• **What to work on**:
Although the entries contain pictures, copy only their text, exactly as written.

*** Opening of Provided information ***

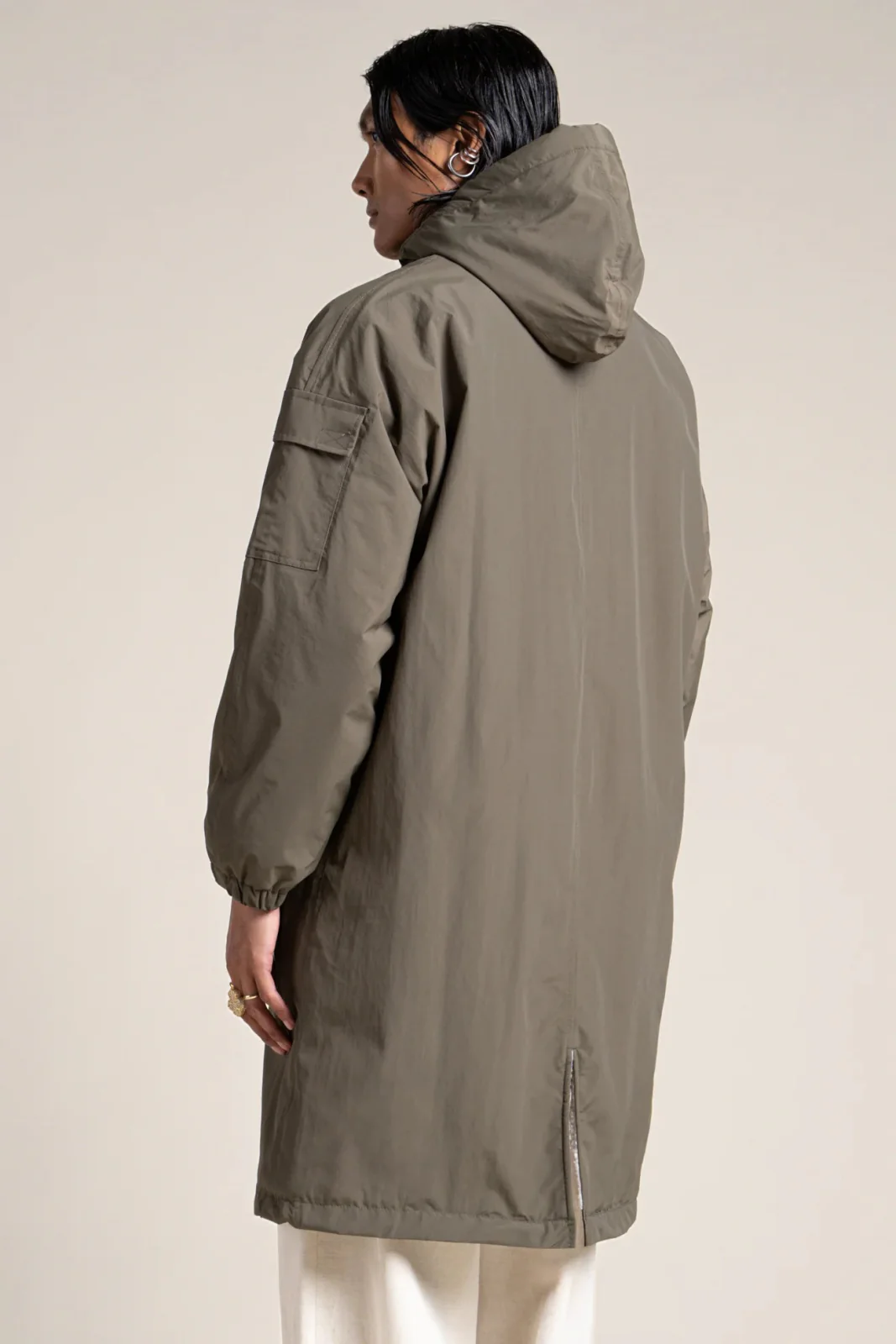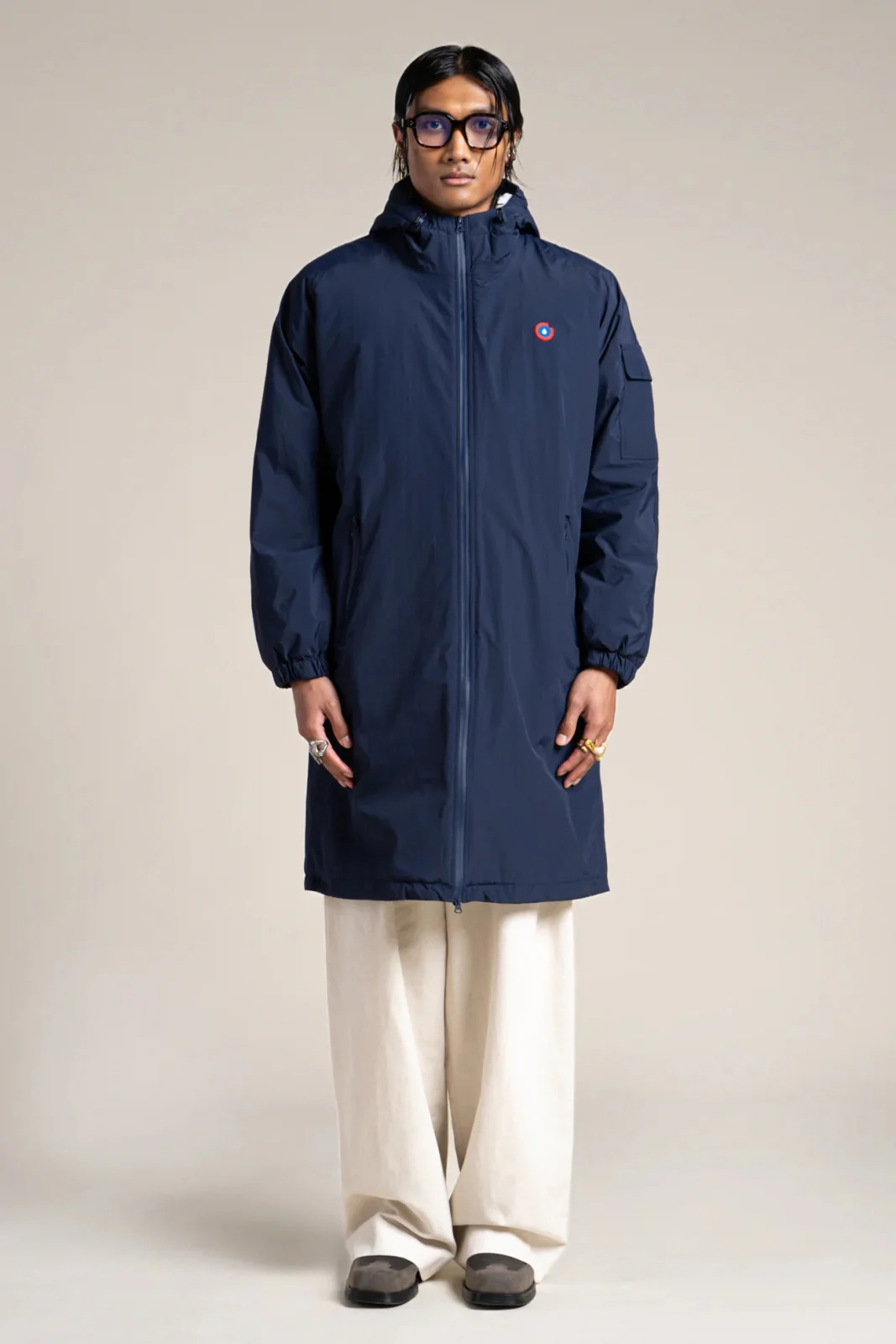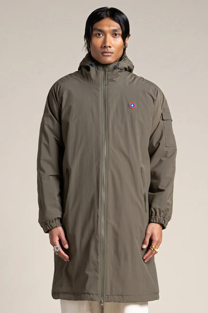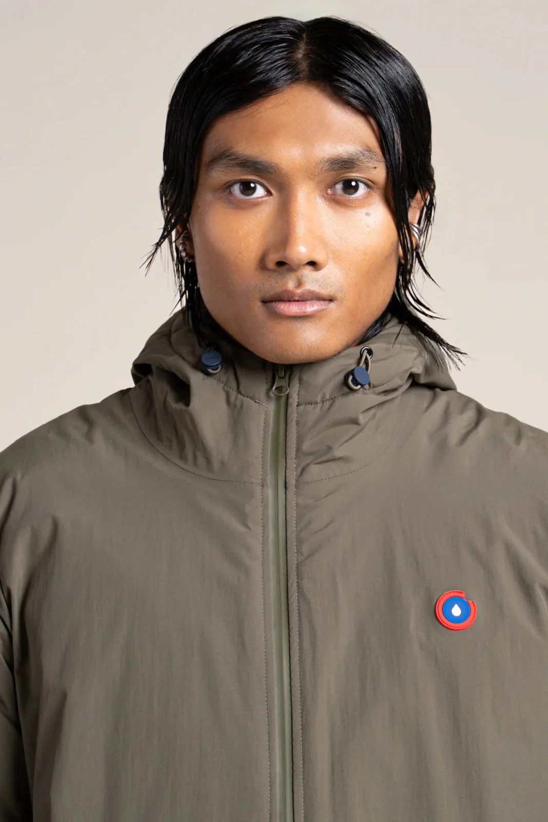Une parka longue, imperméable et doublée en polaire. Tissu en polyamide recyclé. Capuche doublée et col montant.
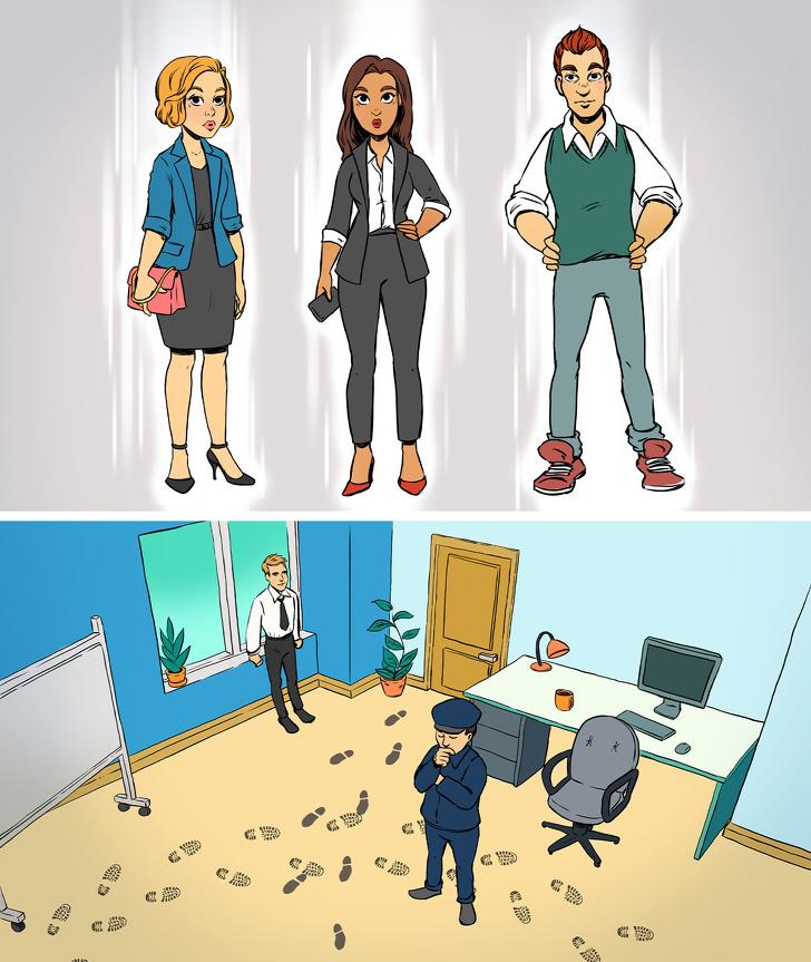 9. Ποιος είναι ο ψεύτης; Ένας επιχειρηματίας έφτασε στο γραφείο του και διαπίστωσε ότι κάποια πολύ σημαντικά έγγραφα είχαν εξαφανιστεί από το γραφείο του. Η αστυνομία υποπτεύεται 3 άτομα και καθένας από αυτούς είπε ότι δεν είχαν πάει καν στο γραφείο. Ποιος λέει ψέμματα;
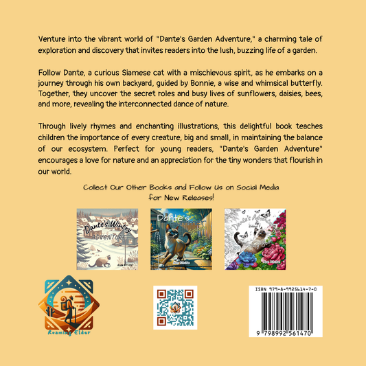 Join Dante, a curious Siamese cat, as he embarks on a magical exploration of his lush garden home. Guided by Bonnie, a cheerful butterfly, Dante discovers the unique beauties and vital roles of various garden plants—from towering sunflowers and modest daisies to luminescent buttercups and fragrant lavender.
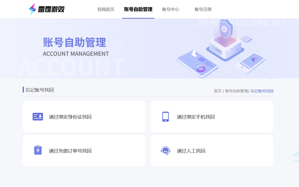 如果之前注册的账号长时间没有登录过游戏,已经忘记了之前的账号,那么又该如何处理?可以通过自助查询页面“忘记账号找回”功能查询之前注册的账号。自助找回页面链接:https://id.leiting.com/accountCenter/accountSelf/accountRetrieval
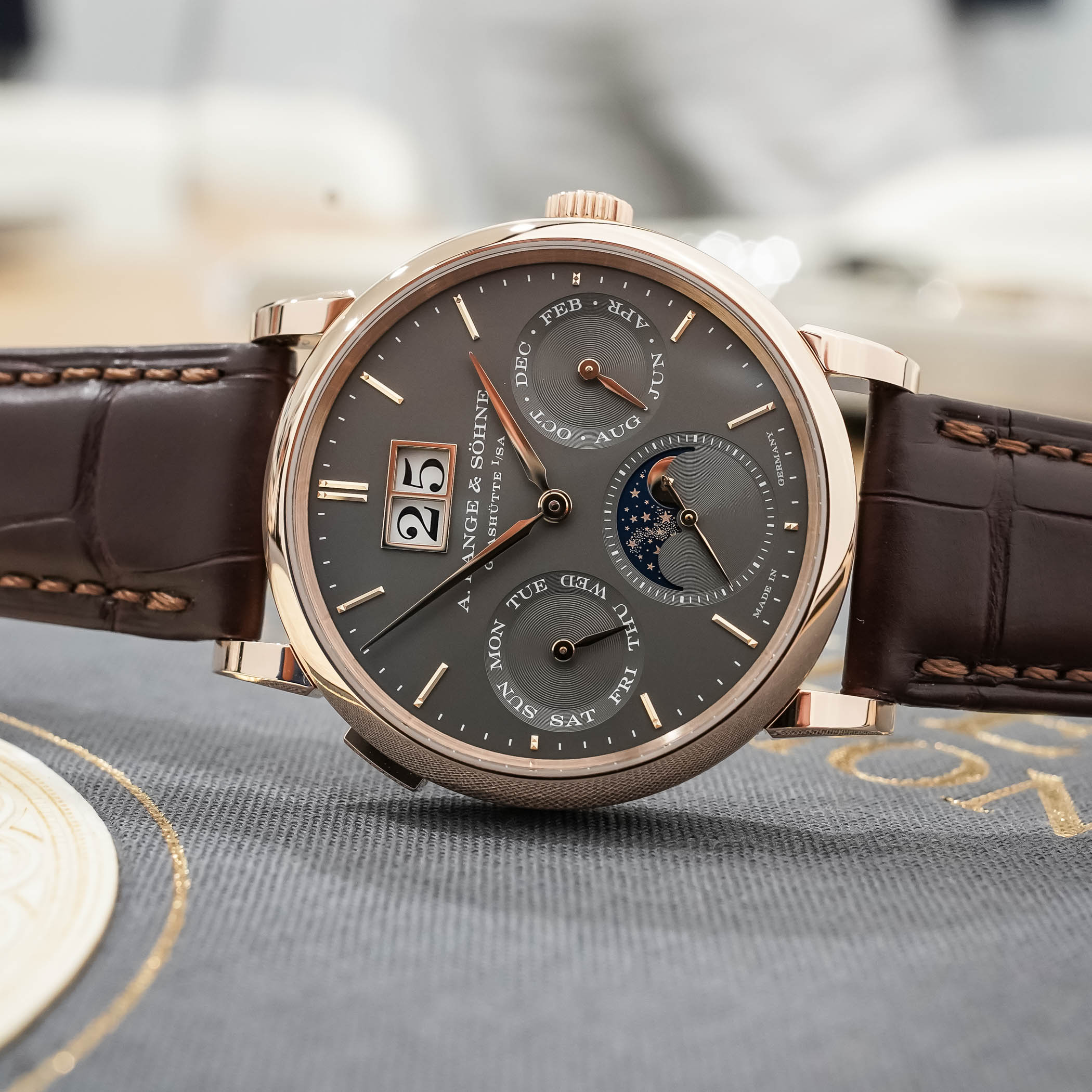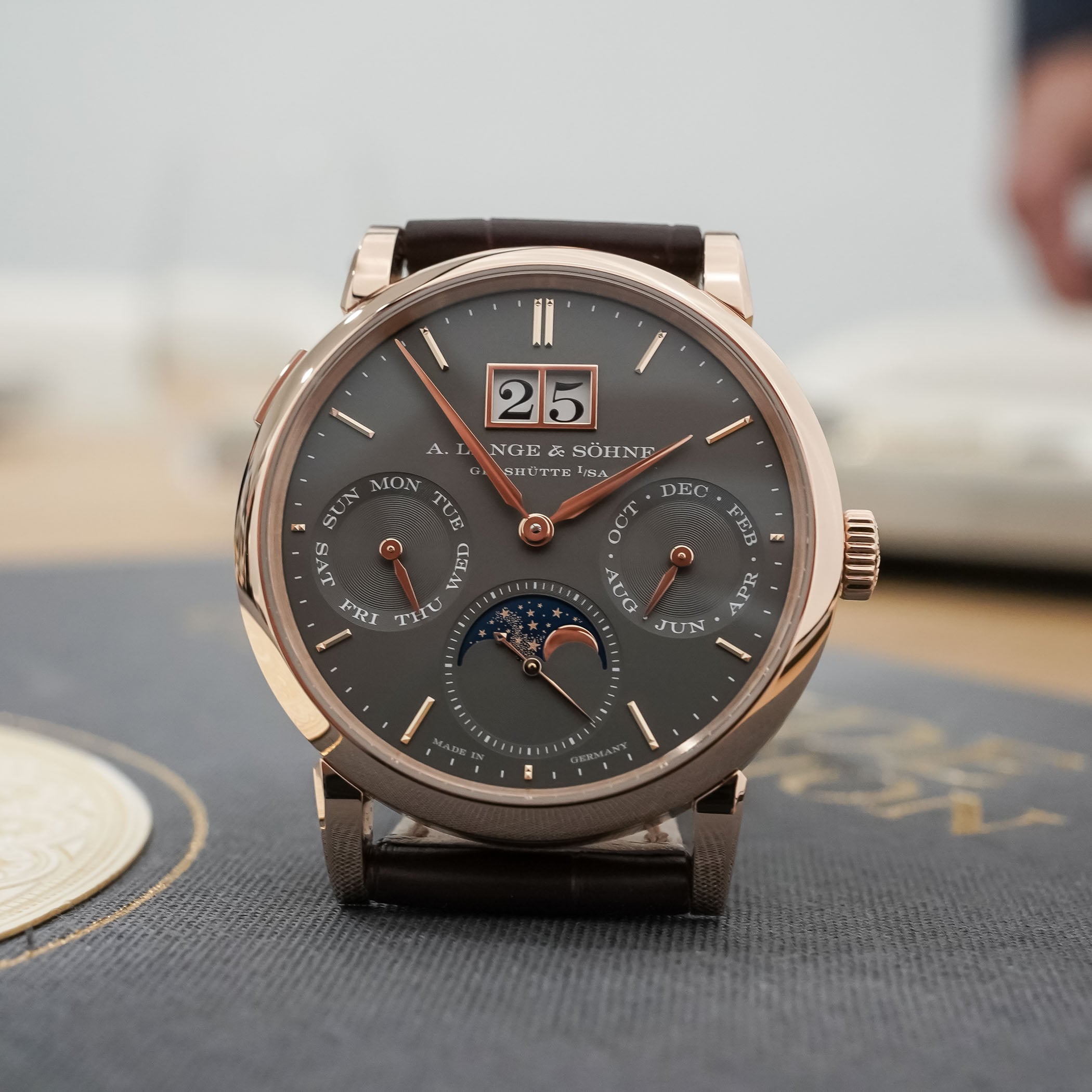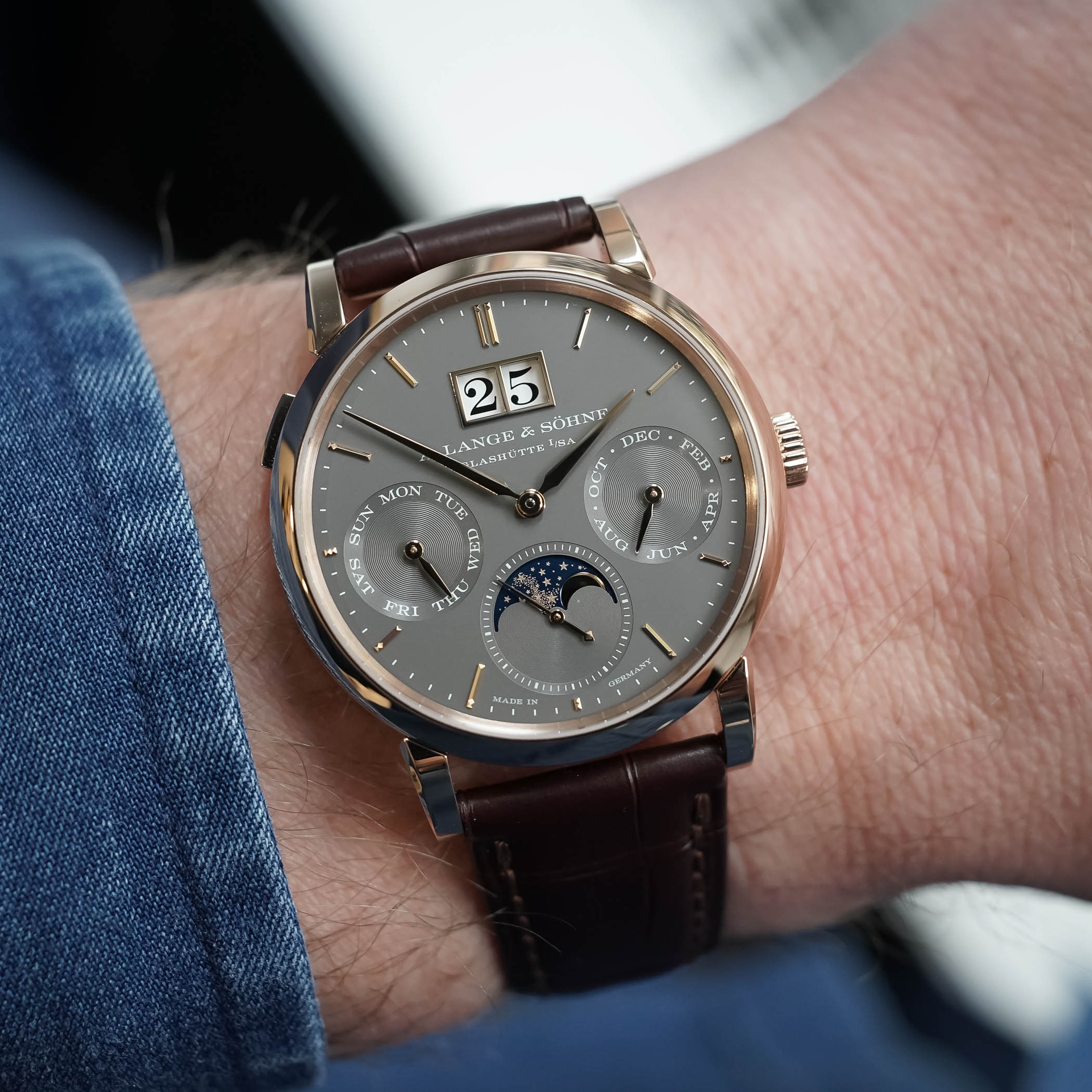 The moon phase display in the running seconds counter at 6 o’clock needs only one correction every 122.6 years and features a blue-coated gold lunar disc with 428 stars to evoke the Milky Way. As a child of A. Lange & Söhne’s pragmatic, user-friendly approach to watchmaking, all the calendar indications and the moon phase display can be advanced collectively with the rapid-correction pusher on the case at 10 o’clock, or adjusted with individual correctors.
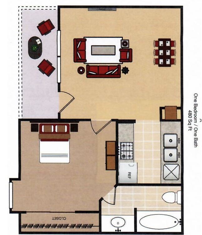 Apartment Model: A1-D 1X1From $9491 Bedroom, 1 Bath, 480 sq ftAvailable Now![]()
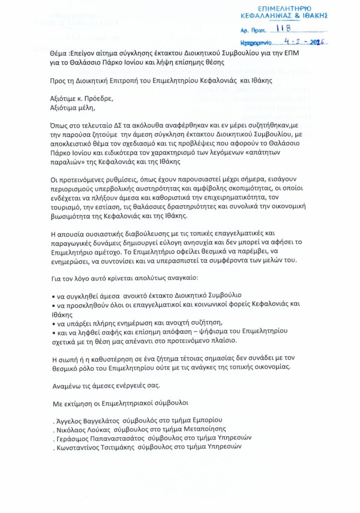 Κρίνουμε ότι είναι επιτακτική ανάγκη να συγκληθεί άμεσα έκτακτο, ανοικτό διοικητικό συμβούλιο του Επιμελητηρίου Κεφαλονιάς και Ιθάκης, με αποκλειστικό θέμα την ΕΜΠ για το Θαλάσσιο Πάρκο του Ιονίου, και προχωρήσαμε σε γραπτό αίτημα για τη σύγκλησή του.
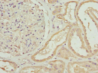 Immunohistochemistry of paraffin-embedded human kidney tissue using CSB-PA026606ESR2HU at dilution of 1:100
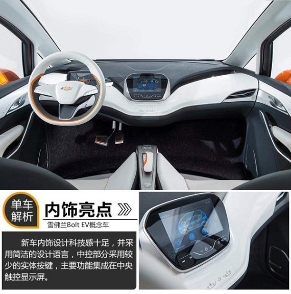 Bolt电动概念车内饰由浅色材料搭配黑色装饰构成基本色调,整体呈现前卫科技的视觉效果。内饰采用简洁的设计语言,中控部分采用较少的实体按键,主要功能集成在中央触控显示屏,十分符合未来新能源科技车型的设计理念。新车采用三幅式多功能方向盘,采用浅色材质包裹,质感十足。由于采用纯电动力,新车在变速器位置腾出了空间,飞翼式中控台下方主副驾驶位置为联通式设计,增添了乘坐驾驶的舒适性。
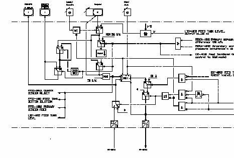 整个洗选过程的控制有压力除节机的控制、压力筛的控制、除砂器的控制以及洗浆液位的控制等,由于每个调节系统输入条件限制较多,输出也受外围的泵和阀的开停状态限制,不同的状态要求调节阀响应控制到0%或30%位置,其逻辑框图如图3所示。本工程通过利用SunySunyTDCS9200系统的算法编辑器(SunyIEC)的成功实现了对各系统的控制,图4是盘磨板调系统具体实现的算法程序图。

*** Close of Provided information ***

• **Answer to this problem**:
Une parka longue, imperméable et doublée en polaire. Tissu en polyamide recyclé. Capuche doublée et col montant.
 9. Ποιος είναι ο ψεύτης; Ένας επιχειρηματίας έφτασε στο γραφείο του και διαπίστωσε ότι κάποια πολύ σημαντικά έγγραφα είχαν εξαφανιστεί από το γραφείο του. Η αστυνομία υποπτεύεται 3 άτομα και καθένας από αυτούς είπε ότι δεν είχαν πάει καν στο γραφείο. Ποιος λέει ψέμματα;
 Join Dante, a curious Siamese cat, as he embarks on a magical exploration of his lush garden home. Guided by Bonnie, a cheerful butterfly, Dante discovers the unique beauties and vital roles of various garden plants—from towering sunflowers and modest daisies to luminescent buttercups and fragrant lavender.
 如果之前注册的账号长时间没有登录过游戏,已经忘记了之前的账号,那么又该如何处理?可以通过自助查询页面“忘记账号找回”功能查询之前注册的账号。自助找回页面链接:https://id.leiting.com/accountCenter/accountSelf/accountRetrieval
 The moon phase display in the running seconds counter at 6 o’clock needs only one correction every 122.6 years and features a blue-coated gold lunar disc with 428 stars to evoke the Milky Way. As a child of A. Lange & Söhne’s pragmatic, user-friendly approach to watchmaking, all the calendar indications and the moon phase display can be advanced collectively with the rapid-correction pusher on the case at 10 o’clock, or adjusted with individual correctors.
 Apartment Model: A1-D 1X1From $9491 Bedroom, 1 Bath, 480 sq ftAvailable Now![]()
 Κρίνουμε ότι είναι επιτακτική ανάγκη να συγκληθεί άμεσα έκτακτο, ανοικτό διοικητικό συμβούλιο του Επιμελητηρίου Κεφαλονιάς και Ιθάκης, με αποκλειστικό θέμα την ΕΜΠ για το Θαλάσσιο Πάρκο του Ιονίου, και προχωρήσαμε σε γραπτό αίτημα για τη σύγκλησή του.
 Immunohistochemistry of paraffin-embedded human kidney tissue using CSB-PA026606ESR2HU at dilution of 1:100
 Bolt电动概念车内饰由浅色材料搭配黑色装饰构成基本色调,整体呈现前卫科技的视觉效果。内饰采用简洁的设计语言,中控部分采用较少的实体按键,主要功能集成在中央触控显示屏,十分符合未来新能源科技车型的设计理念。新车采用三幅式多功能方向盘,采用浅色材质包裹,质感十足。由于采用纯电动力,新车在变速器位置腾出了空间,飞翼式中控台下方主副驾驶位置为联通式设计,增添了乘坐驾驶的舒适性。
 整个洗选过程的控制有压力除节机的控制、压力筛的控制、除砂器的控制以及洗浆液位的控制等,由于每个调节系统输入条件限制较多,输出也受外围的泵和阀的开停状态限制,不同的状态要求调节阀响应控制到0%或30%位置,其逻辑框图如图3所示。本工程通过利用SunySunyTDCS9200系统的算法编辑器(SunyIEC)的成功实现了对各系统的控制,图4是盘磨板调系统具体实现的算法程序图。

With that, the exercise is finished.